Abstract:
Crude oil remains a vital energy source; nevertheless, its production faces increasing
challenges due to climate change concerns and stricter environmental regulations. Ensuring
its sustainable utilization requires prioritizing practices that minimize environmental
impact. Optimizing the performance of existing infrastructure, such as Sulfur Recovery
Units (SRUs), plays a crucial role in this endeavor. SRUs play a vital role in mitigating the
environmental footprint of oil processing by capturing and converting hazardous gases like
hydrogen sulfide (H2S) into elemental sulfur. However, achieving high Sulfur Recovery
Efficiency (SRE) conflicts with economic considerations, as optimal performance requires
precise control of process parameters. This research investigates the application of machine
learning algorithms to predict SRE and optimize process parameters in SRUs. An industrial
SRU model was simulated in Aspen HYSYS and validated with industrial data. This
simulated model was then used to generate diverse datasets by incorporating artificial
uncertainties of ±5% in key process parameters like air/gas flow rates, temperatures, and
Claus reactor inlet temperature. These datasets were used to train three machine learning
models: Gaussian Process Regression (GPR), Artificial Neural Network (ANN), and
Regression Trees (RT).

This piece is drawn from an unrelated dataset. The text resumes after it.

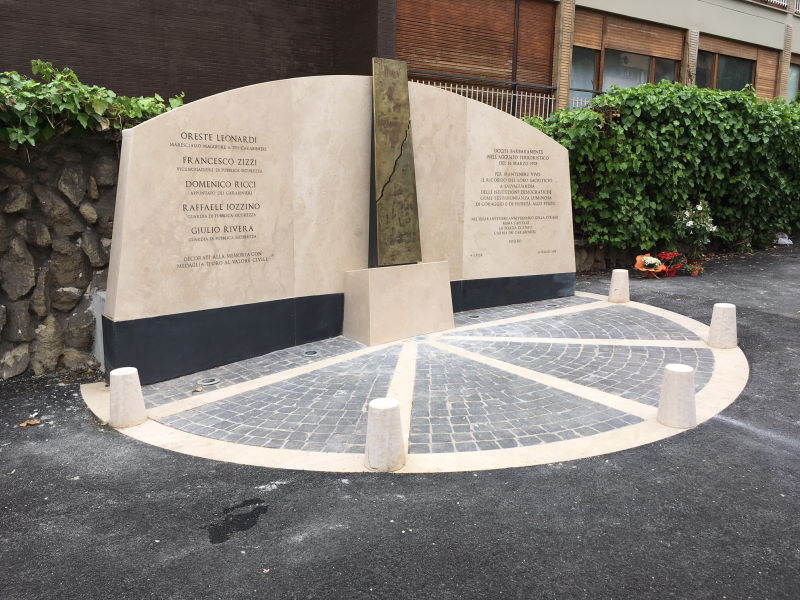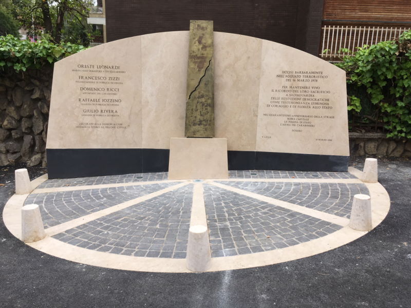 Successivamente, il corpo di Aldo Moro fu rinvenuto in via Michelangelo Caetani e ivi fu posta una lapide commemorativa. Contemporaneamente fu realizzata una targa commemorativa in via Mario Fani, che risultava però nel tempo esposta a degrado ambientale. Inoltre la ridotta ampiezza del marciapiede in corrispondenza della targa stessa e la presenza dell’attraversamento pedonale e di un palo dell’illuminazione pubblica comportavano la necessità di ridefinire totalmente l’area, al fine di conferire decoro e solennità al luogo della strage. Nella ricorrenza del 40° anniversario dell’attacco terrorista, la Sovrintendenza ai Beni Culturali di Roma Capitale in accordo con la Direzione Affari Generali della Polizia di Stato e il Comando Generale dell’Arma dei Carabinieri dedicò ai Caduti di via Fani un monumento con un profondo valore simbolico e con caratteristiche formali di sobrietà e linearità espresse anche attraverso l'uso di materiali di pregio. La Commissione Storia e Arte espresse parere favorevole alla realizzazione della nuova memoria nel corso della riunione del 6 novembre 2017.

The evaluation criteria for these models were R-squared (R²) and
Root Mean Squared Error (RMSE) values of the validation step. All three models achieved
high prediction accuracy, with R² values exceeding 0.97. Furthermore, the most accurate
models, GPR and ANN, were employed as surrogate models within the fitness function
evaluation of two optimization frameworks: a Genetic Algorithm (GA) and a Particle
Swarm Optimization (PSO) approach. Both algorithms demonstrated effectiveness, but
PSO exhibited marginally superior performance in optimizing the process parameters. This
proposed methodology, utilizing surrogate-based optimization, establishes a platform for
practical implementation at the plant level. It paves the way for the realization of Industry
4.0 principles within the refinery sector by enabling the optimization of existing
infrastructure for improved sustainability and environmental performance.